Alors que le scrutin du 28 mai s’annonce serré, l’opposition turque bat le rappel de ses partisans pour tenter d’assurer une surveillance et une transparence maximale dans les bureaux de vote. Le nombre de volontaires pour surveiller le processus a été multiplié par quatre par rapport au premier tour, selon la presse locale. Par Courriel International du 22 mai 2023.
Interrogé, lors d’un entretien diffusé le 19 mai sur la chaîne américaine CNN International, à propos des critiques de son autoritarisme croissant, le président turc, Recep Tayyip Erdogan, répondait : “Comment une personne qui accepte de ne pas gagner dès le premier tour [il a obtenu 49,5 % des voix lors du scrutin du 14 mai] et d’en organiser un second peut-elle être qualifiée de dictateur ?”
Pourtant, l’inquiétude monte dans les rangs des électeurs de l’opposition sur de possibles fraudes qui auraient entaché le premier tour et qui pourraient être au rendez-vous du second tour, prévu dans six jours, le dimanche 28 mai.
En effet, dans la région de Hatay, la plus touchée par le double séisme dévastateur survenu en février, le président turc a maintenu son score de 2018. Pis encore, selon l’opposition, le taux de participation n’y a baissé que de 4 % malgré les dizaines de milliers de morts et les centaines de milliers de déplacés.
“Ils ont pu faire voter des morts en se servant de leurs papiers d’identité”, prétend un scrutateur local, membre de l’opposition, dans une interview au média en ligne Gerçek Gündem. Il dénonce de multiples irrégularités dans la région et appelle l’opposition à se mobiliser en masse pour contrôler le processus électoral, en particulier dans les zones favorables au parti au pouvoir et à son allié d’extrême droite.
Des partisans masqués du pouvoir
“Les championnats de la triche”, titre ironiquement le quotidien de gauche Birgün, qui souligne dans un article que “les fraudes ont commencé en 2017”, à l’occasion du référendum instaurant un régime présidentiel, remporté à 51,4 % par Erdogan alors que des millions de bulletins douteux avaient été jugés valides à la dernière minute par le Haut Conseil électoral (YSK).
Cette fois aussi, plusieurs scandales ont émaillé le scrutin, selon le journal :
Dans de nombreux bureaux de vote situés dans des zones majoritairement kurdes, les bulletins en faveur du YSP ont été enregistrés en fin de journée au profit de l’extrême droite, s’indigne, photos à l’appui, le parti d’opposition.

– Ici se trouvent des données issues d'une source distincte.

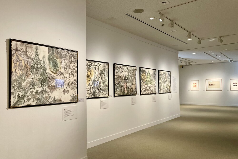 Hagiwara Sakumi (b. 1946) and Enomoto Ryoichi (b. 1947), who met while they were involved in Terayama Shuji’s theatre company, published a magazine called Bikkuri House (Fun House) in the 1970s and ’80s. This exhibition focuses on works by Hagiwara, who made films, photographs, prints, and artist books, and Enomoto, who transcribed the entire text of Shibusawa Tatsuhiko’s novel Takaoka shinno kokai-ki (The Travels of Prince Takaoka) and made illustrations for it.

Emprisonné depuis 2016, Selahattin Demirtas, leader du parti prokurde HDP, dont les candidats se sont présentés cette année sous la bannière du YSP, a mis en garde dans une série de messages envoyés depuis sa prison contre les risques de fraude lors du second tour, rapporte le quotidien Evrensel.

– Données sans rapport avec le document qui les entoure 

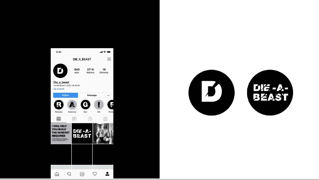 The task was to create brand identity for the project of person who helps people build the mindset required to fight diabetes every single day through healthy eating and exercise, so they can literally "die-a-beast"

Le contrôle de la fraude s’appuyant sur les rapports établis par les représentants des différents partis présents dans les bureaux de vote, il suffit que des volontaires du parti d’opposition soient en fait des partisans masqués du pouvoir pour fausser la donne, ajoute-t-il. “Si, dans 20 000 bureaux de vote [sur les 191 000 que compte le pays], 150 bulletins sont volés à chaque fois, ce sont 3 millions de voix qui sont escamotées, permettant de faire basculer l’élection”, a prévenu le leader kurde, alors que l’écart de suffrages au premier tour entre les deux candidats à la présidence n’était que de 2,5 millions de voix.
“Préparez vos armes”
Le défi pour le second tour est donc, pour l’opposition, de parvenir à déployer suffisamment de scrutateurs de confiance dans les campagnes et les petits bureaux de vote. Les associations de la société civile jouent aussi un rôle important dans ce processus.
La plus ancienne association du secteur, Oy ve Ötesi, se réjouit notamment que le nombre de candidatures de volontaires pour observer le second tour ait été multiplié par quatre par rapport au premier tour, atteignant les 200 000 personnes, rapporte le média en ligne T24.
Mais l’atmosphère de tension qui règne dans le pays risque de décourager les volontaires de se rendre dans les bureaux des régions ou quartiers majoritairement acquis au pouvoir.
Signe de cette tension, une vidéo a suscité un scandale sur les réseaux sociaux, rapporte le quotidien d’opposition conservateur Karar. On y entend l’imam d’une mosquée du quartier pro-Erdogan de Sultangazi à Istanbul prévenir, lors de son prêche du vendredi : “Le 28 mai au soir, préparez vos armes, moi j’ai deux fusils et ils sont chargés jusqu’à la gueule.”